» **Goal of the exercise**:
Return the stretch from the line with "光流也可以利用深度学习的模型" through the line with "恥ずかしいあだ名 | 『プリティーいいほしともか』『いいちん』 |" in the data below, character for character, skipping all pictures.

━━━━━ Material provided ━━━━━

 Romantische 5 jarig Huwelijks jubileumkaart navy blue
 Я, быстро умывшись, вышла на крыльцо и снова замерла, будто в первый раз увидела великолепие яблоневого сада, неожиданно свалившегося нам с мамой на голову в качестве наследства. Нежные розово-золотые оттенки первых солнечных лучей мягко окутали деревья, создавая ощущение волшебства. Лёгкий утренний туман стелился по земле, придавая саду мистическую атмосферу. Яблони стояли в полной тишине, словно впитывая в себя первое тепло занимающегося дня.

━━━━━
━━━━━ Material provided ━━━━━

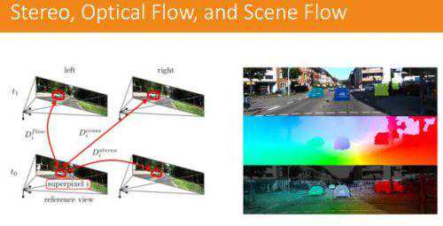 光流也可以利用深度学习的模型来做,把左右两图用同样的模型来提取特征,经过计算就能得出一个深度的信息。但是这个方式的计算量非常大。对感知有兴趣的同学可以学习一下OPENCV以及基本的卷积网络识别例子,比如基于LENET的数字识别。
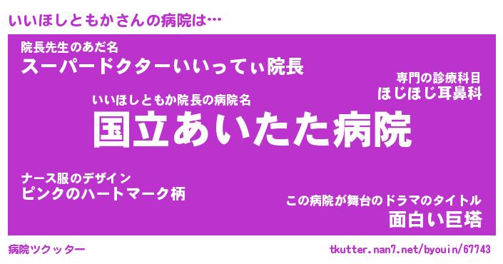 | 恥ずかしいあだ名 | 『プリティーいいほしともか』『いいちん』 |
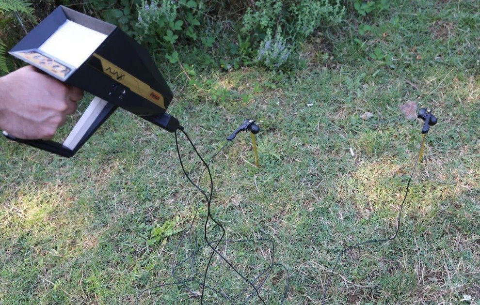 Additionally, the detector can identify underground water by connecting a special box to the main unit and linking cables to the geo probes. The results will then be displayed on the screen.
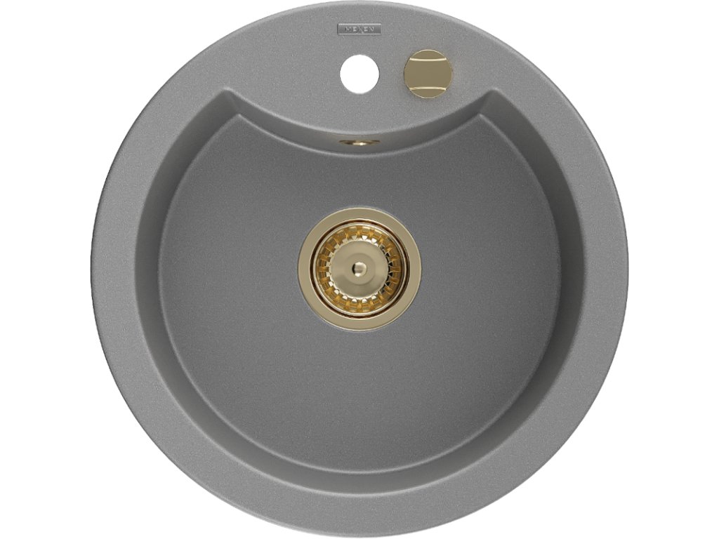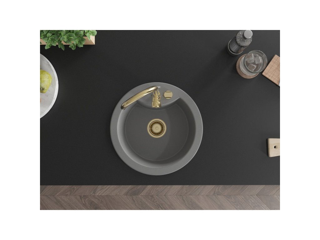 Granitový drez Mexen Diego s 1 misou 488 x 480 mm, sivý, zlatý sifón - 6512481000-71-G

━━━━━

» **Response area**:
 光流也可以利用深度学习的模型来做,把左右两图用同样的模型来提取特征,经过计算就能得出一个深度的信息。但是这个方式的计算量非常大。对感知有兴趣的同学可以学习一下OPENCV以及基本的卷积网络识别例子,比如基于LENET的数字识别。
 | 恥ずかしいあだ名 | 『プリティーいいほしともか』『いいちん』 |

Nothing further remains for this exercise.